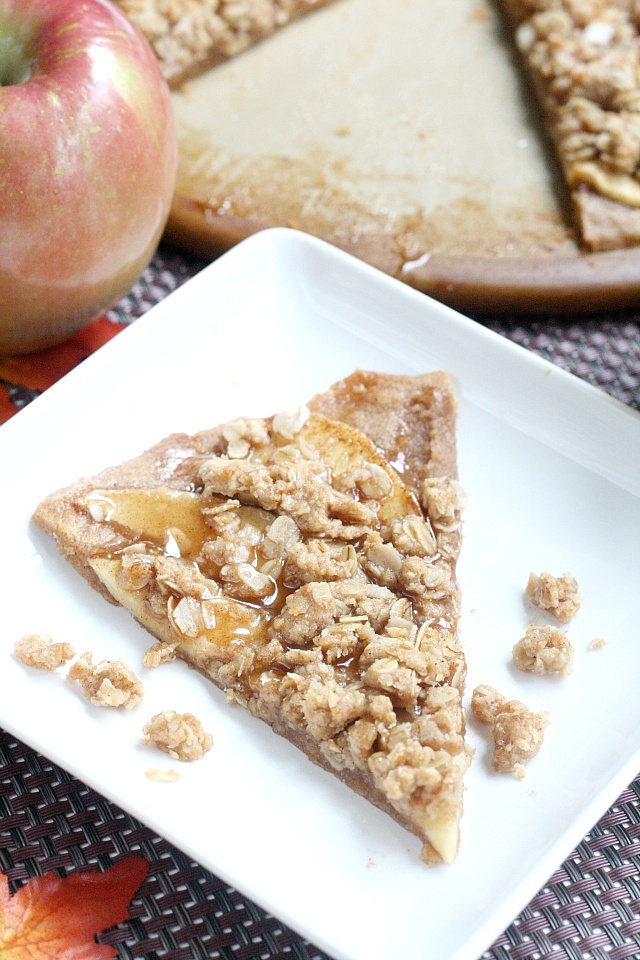 Dessert pizzas are easy recipes that the whole family can help with. Customizable with a number of various mix in options, this version is made with apples and oats for the perfect fall treat.
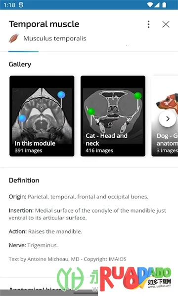 vet Anatomy2026最新版本是一款为相关人士打造的手机软件,功能强大。有海量动物解剖图集与3D模型,涵盖多种动物,图像高清、细节详尽,含多种学习工具,支持多语言,还有模拟考试等特色功能。
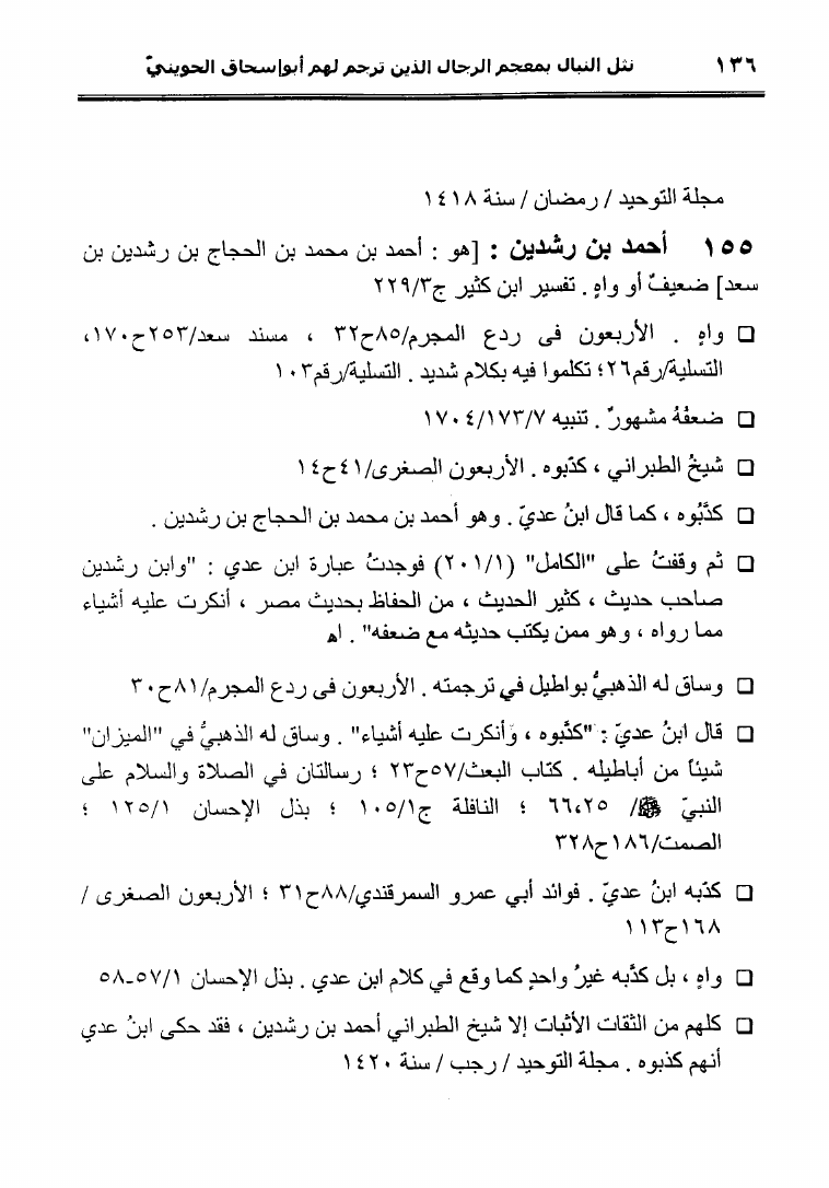 نام کتاب : نثل النبال بمعجم الرجال الذين ترجم لهم فضيلة الشيخ المحدث أبو إسحاق الحويني (ط. المحدثين) نویسنده : أحمد بن عطية الوكيل أبو عمرو جلد : 1 صفحه : 136
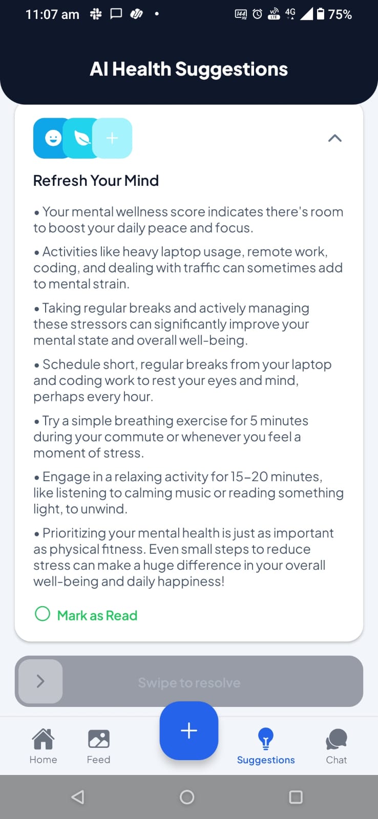 Figure 5.13: Detailed AI-generated recommendation providing actionable advice to improve mental well-being based on detected lifestyle patterns.

## PROMPT
Copy the final stretch of lines, starting at the one that holds "vet Anatomy202" and ending at the last line of the data, exactly; omit pictures.

## OUTPUT OF THE TASK
 vet Anatomy2026最新版本是一款为相关人士打造的手机软件,功能强大。有海量动物解剖图集与3D模型,涵盖多种动物,图像高清、细节详尽,含多种学习工具,支持多语言,还有模拟考试等特色功能。
 نام کتاب : نثل النبال بمعجم الرجال الذين ترجم لهم فضيلة الشيخ المحدث أبو إسحاق الحويني (ط. المحدثين) نویسنده : أحمد بن عطية الوكيل أبو عمرو جلد : 1 صفحه : 136
 Figure 5.13: Detailed AI-generated recommendation providing actionable advice to improve mental well-being based on detected lifestyle patterns.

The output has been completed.